Texas courts growth in Asian visitors

China Daily | Updated: 2017-11-28 07:50

Houston among cities stepping up efforts to lure Chinese tourists

HOUSTON, Texas - He may have retired in 2011, but Chinese basketball legend Yao Ming is still proving an influential figure. This time, though, it's not on the court but in the competitive field of tourism.

The former Houston Rockets center has played a huge role in attracting Asian tourists to the city. In fact, more Chinese tourists have visited Texas this year than ever before and are soon expected to become the largest group of overseas visitors (not including Mexico and Canada) to the United States.

And cities like Houston are trying to cash in, according to Attract China, a New York-based company that focuses on outbound Chinese tourism to North America.

David Becker, CEO of Attract China, said the contribution of Chinese visitors to the US economy is expected to hit $85 billion by 2021.

According to a report released in August by the US Commerce Department, 2.97 million Chinese tourists traveled to the US in 2016, spending a total of $33 billion. The figures are up 15 percent and 9 percent, respectively, from 2015.

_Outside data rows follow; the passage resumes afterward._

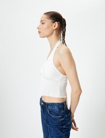 Crop Üst Sırt Dekolteli Boyundan Kalın Askılı Dokulu Derin V Yaka Bürümcük Sepete Ekle
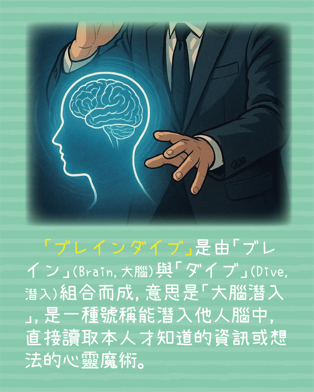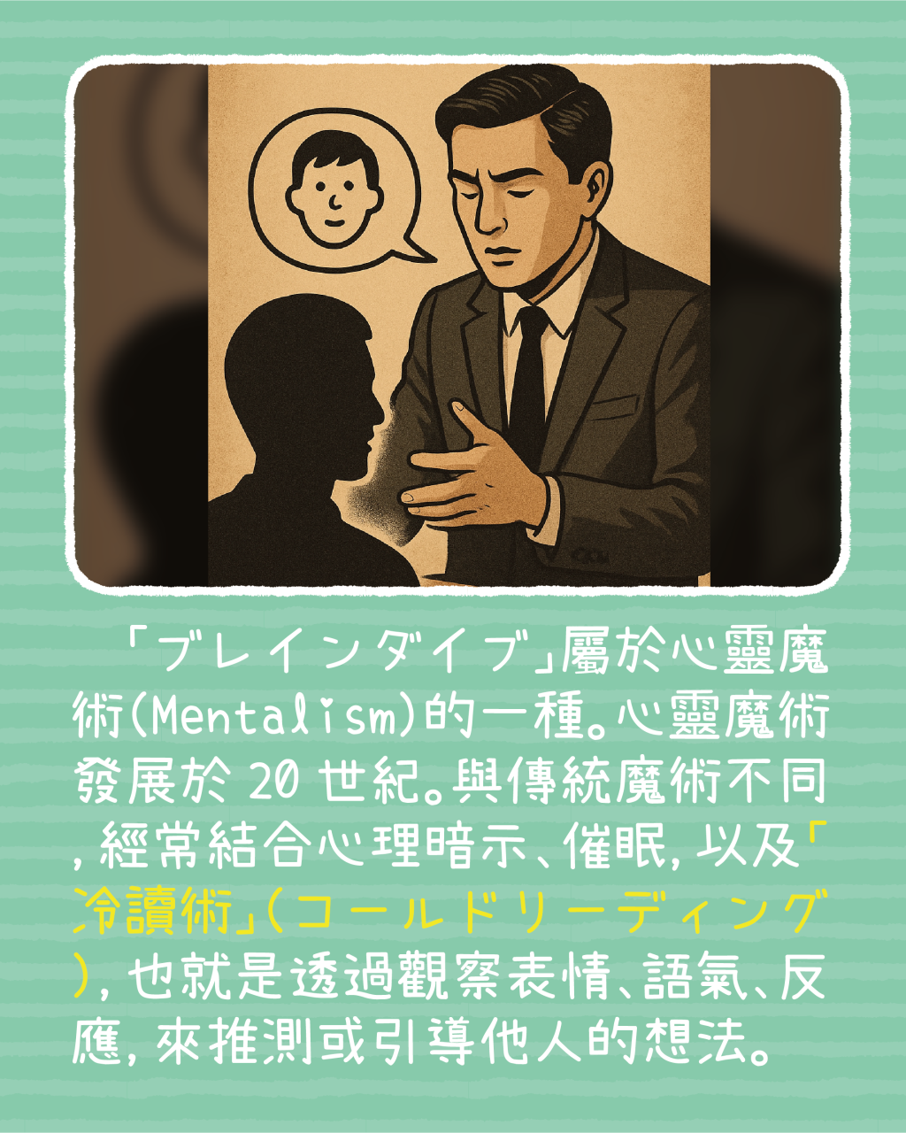 「ブレインダイブ」其實就是一種「心靈魔術」。心靈魔術發展於20世紀,算是魔術界比較後期的表演項目。與傳統魔術不同,它常結合心理暗示、催眠的元素。其中最關鍵的技術就是「冷讀術」(コールドリーディング),也就是透過觀察表情、語氣、反應,來推測或引導他們的想法,進而營造出有讀心超能力的效果。
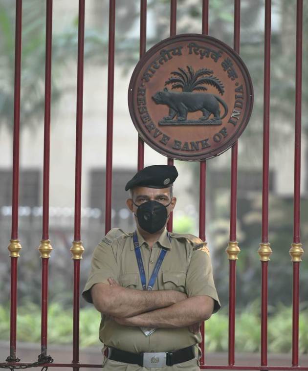 A security person, wearing anti-pollution mask, guards outside the Reserve Bank of India in New Delhi, Friday, Nov. 1, 2019, PTI Photo. Exposure to polluted air for such sustained periods of time can lead to breathing difficulties, lung damage and other adverse health effects, especially among children and the elderly.
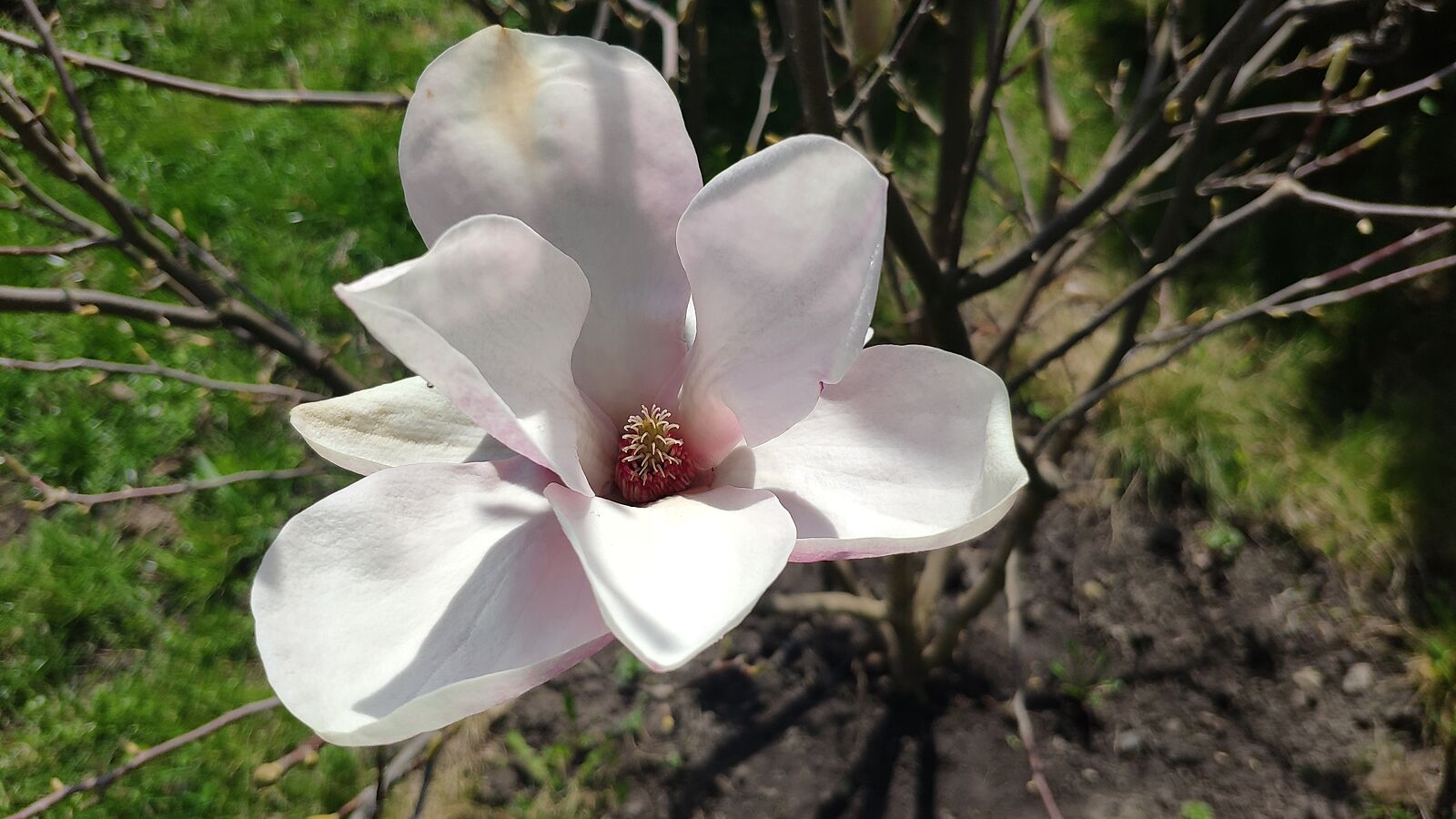 Клумбу не покажу, но тюльпанчик один красивый зацвёл

The report showed that Chinese visitor arrivals ranked fifth, trailing Canada, Mexico, UK and Japan, and China ranked seventh in terms of total tourism-related spending in the US.

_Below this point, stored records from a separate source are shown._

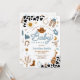 Prepare-se para uma celebração divertida com este convite de chá de bebê temático western, perfeito para homenagear uma mamãe especial. Com chapéus de cowboy, botas, laços, cactos e detalhes rústicos de impressão de vaca, este design captura o charme do Velho Oeste. O layout elegante e os detalhes divertidos tornam-no ideal para encontros inspirados no campo, chás de bebê temáticos de rodeio ou festas rústicas no celeiro. Personalize com os detalhes do seu evento para criar um souvenir único que os convidados vão adorar.
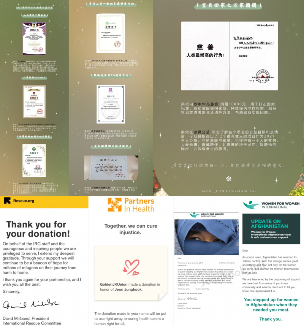지난 20일에는 정국의 해외 팬베이스 'Golden Jungkook Union'이 아프가니스탄과 아이티의 절망적인 상황을 돕고 있는 단체 'International Rescue Committee', 'Partners In Health' 2곳에 '전정국' 이름으로 기부했다.
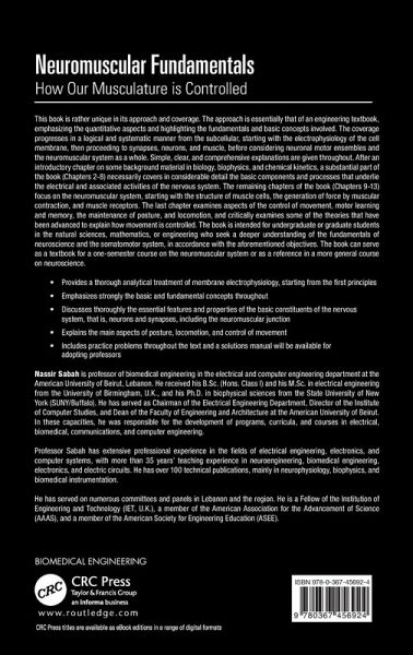 This book is rather unique in its approach and coverage. The approach is essentially that of an engineering textbook, emphasizing the quantitative aspects and highlighting the fundamentals and basic concepts involved. The coverage progresses in a logical and systematic manner from the subcellular, starting with the electrophysiology of the cell membrane, then proceeding to synapses, neurons, and muscle, before considering neuronal motor ensembles and the neuromuscular system as a whole. Simple, clear, and comprehensive explanations are given throughout. After an introductory chapter on some background material in biology, biophysics, and chemical kinetics, a substantial part of the book (Chapters 2-8) necessarily covers in considerable detail the basic components and processes that underlie the electrical and associated activities of the nervous system. The remaining chapters of the book (Chapters 9-13) focus on the neuromuscular system, starting with the structure of muscle cells, the generation of force by muscular contraction, and muscle receptors. The last chapter examines aspects of the control of movement, motor learning and memory, the maintenance of posture, and locomotion, and critically examines some of the theories that have been advanced to explain how movement is controlled. The book is intended for undergraduate or graduate students in the natural sciences, mathematics, or engineering who seek a deeper understanding of the fundamentals of neuroscience and the somatomotor system, in accordance with the aforementioned objectives. The book can serve as a textbook for a one-semester course on the neuromuscular system or as a reference in a more general course on neuroscience. Provides a thorough analytical treatment of membrane electrophysiology, starting from the first principles Emphasizes strongly the basic and fundamental concepts throughout Discusses thoroughly the essential features and properties of the basic constituents of the nervous system, that is, neurons and synapses, including the neuromuscular junction Explains the main aspects of posture, locomotion, and control of movement Includes practice problems throughout the text and a solutions manual will be available for adopting professors Nassir Sabah is professor of biomedical engineering in the electrical and computer engineering department at the American University of Beirut, Lebanon. He received his B.Sc. (Hons. Class I) and his M.Sc. in electrical engineering from the University of Birmingham, U.K., and his Ph.D. in biophysical sciences from the State University of New York (SUNY/Buffalo). He has served as Chairman of the Electrical Engineering Department, Director of the Institute of Computer Studies, and Dean of the Faculty of Engineering and Architecture at the American University of Beirut. In these capacities, he was responsible for the development of programs, curricula, and courses in electrical, biomedical, communications, and computer engineering. Professor Sabah has extensive professional experience in the fields of electrical engineering, electronics, and computer systems, with more than 35 years' teaching experience in neuroengineering, biomedical engineering, electronics, and electric circuits. He has over 100 technical publications, mainly in neurophysiology, biophysics, and biomedical instrumentation. He has served on numerous committees and panels in Lebanon and the region. He is a Fellow of the Institution of Engineering and Technology (IET, U.K.), a member of the American Association for the Advancement of Science (AAAS), and a member of the American Society for Engineering Education (ASEE).

Travel and tourism exports account for 61 percent of all US services exports to China, according to a report compiled by the National Travel and Tourism Office.

Tourism was the largest service export for the US in 2016, accounting for 33 percent of services exports and 11 percent of exports overall.

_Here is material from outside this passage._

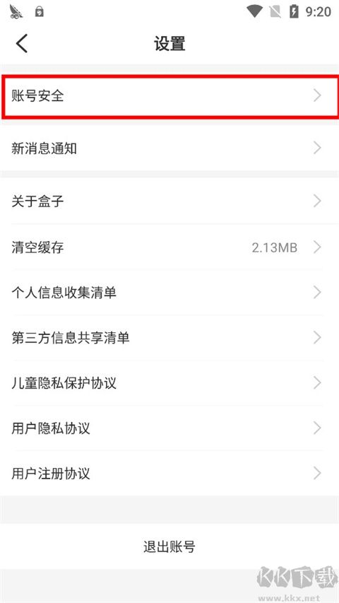 3、再點(diǎn)擊“賬號安全”;

With the Christmas holiday season in full swing on the Texas Gulf Coast, businesses are stepping up their efforts to attract customers from Asia.

Local hotels, like the upscale St. Regis Houston, make a special effort to accommodate visitors, with signs written in Chinese characters and green tea in the rooms. The hotel also provides a toothbrush, comb and razor blades because many hotels in China do provide toiletries for guests.

Chinese tourists recently became the biggest international shoppers at The Galleria, Houston's premiere upscale indoor mall, and stores are even hiring Mandarin-speaking sales staff to cater to them.

And at Moody Gardens in Galveston, a team from Harbin, the capital of the northeast Heilongjiang province, sculpted 138-kilogram blocks of ice into monkeys, butterflies and orchids to create an exhibit for holiday makers.

Meanwhile, an increasing number of tourists are taking to the seas on cruise ships, embarking on voyages to Mexico and the Caribbean, and beyond.

As a well-known port city in the US, Galveston plans several new vessels and schedules next year, including the addition of a second Royal Caribbean ship as well as the newest ship in the Carnival Cruise Line fleet.

Cruise volume has grown substantially since 2014, with Asian passengers representing a growing part of the mix. The Port of Galveston embarked 868,923 passengers in 2016, an increase in embarkations of 35.4 percent over 2014, according to port officials.

"Over the past few years, we've seen increasing numbers from various demographics," said Will Wright, spokesman for Galveston Historical Foundation. "Hispanic guests, as well as those from Asian countries, are steadily growing annually."